In the passage beneath, there are four points to erosion in the formation of sandstone arches. Subsequently, there are 11 references to the contribution erosion plays in these formations in the linked article at (http://www.nature.com/news/sandstone-arches-form-under-their-own-stress-1.15590). Finally, in the subtitle in the linked article it clearly states, “Downward pressure and erosion combine to create celebrated rock formations.”
I point this out because it’s somewhat misleading, at least for me it was. This was the only reason I clicked the link to read the story, and then found that outside of stress within the rock, erosive forces aid in the construction of such arches.
Thanks for “listening”.
Agreed (I was going to comment to similar effect earlier but left the tab open and forgot about it…) but I love that this is actually a semantic argument and that Maggie wasn’t incorrect (just slightly misleading, as you explain, depending on how you interpret it).

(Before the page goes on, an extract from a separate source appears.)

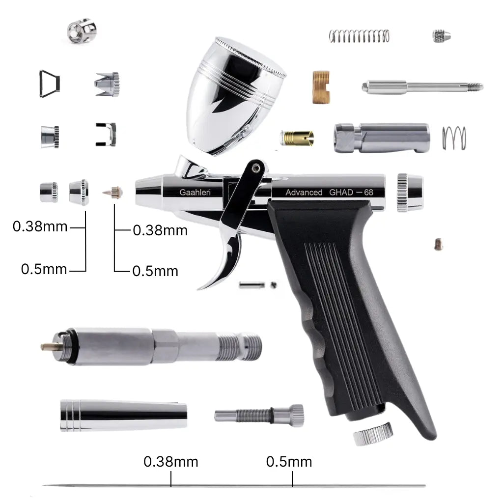 Ensure top performance for your Airbrush Parts for GAAHLERI Advanced Series GHAD-68 Airbrush with high-quality replacement parts designed specifically for your airbrush. This collection includes nozzles, needles, air valves, and O-rings, all essential for maintaining peak performance.
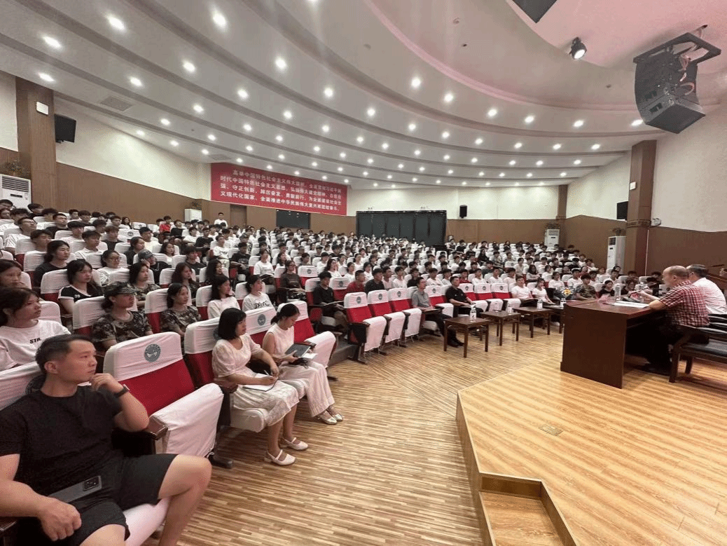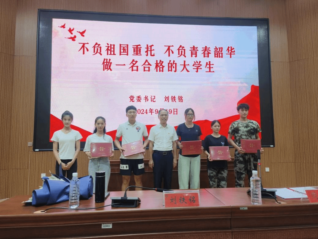 9月19日晚,学校党委书记刘铁铭教授在匠成楼报告厅为体育学院2024级全体新生讲授主题为“不负祖国重托,不负青春韶华,做一名合格的大学生”的开学第一课。讲座由体育学院院长周惠新主持,体育学院全体院领导、辅导员、班主任及2024级新生们一起聆听讲座。

The arch does form within the rock independent of erosion. I love that. It makes sense intuitively once you hear it (at least to me, a geologist with an interest in rock mechanics and structure ;)), but you wouldn’t think of it. Now you can’t miss the hole missing (pun accidental but welcomed) from the classic logical explanation, that’s it’s just wind erosion that somehow forms arches. And that means that there are probably arches within many sandstone features in Utah (and elsewhere) that aren’t visible yet.
That really changes how the landscape is viewed and experienced - and I highly recommend visiting the various national parks and monuments in southern Utah and experiencing it yourself, by the way, they’re fantastic.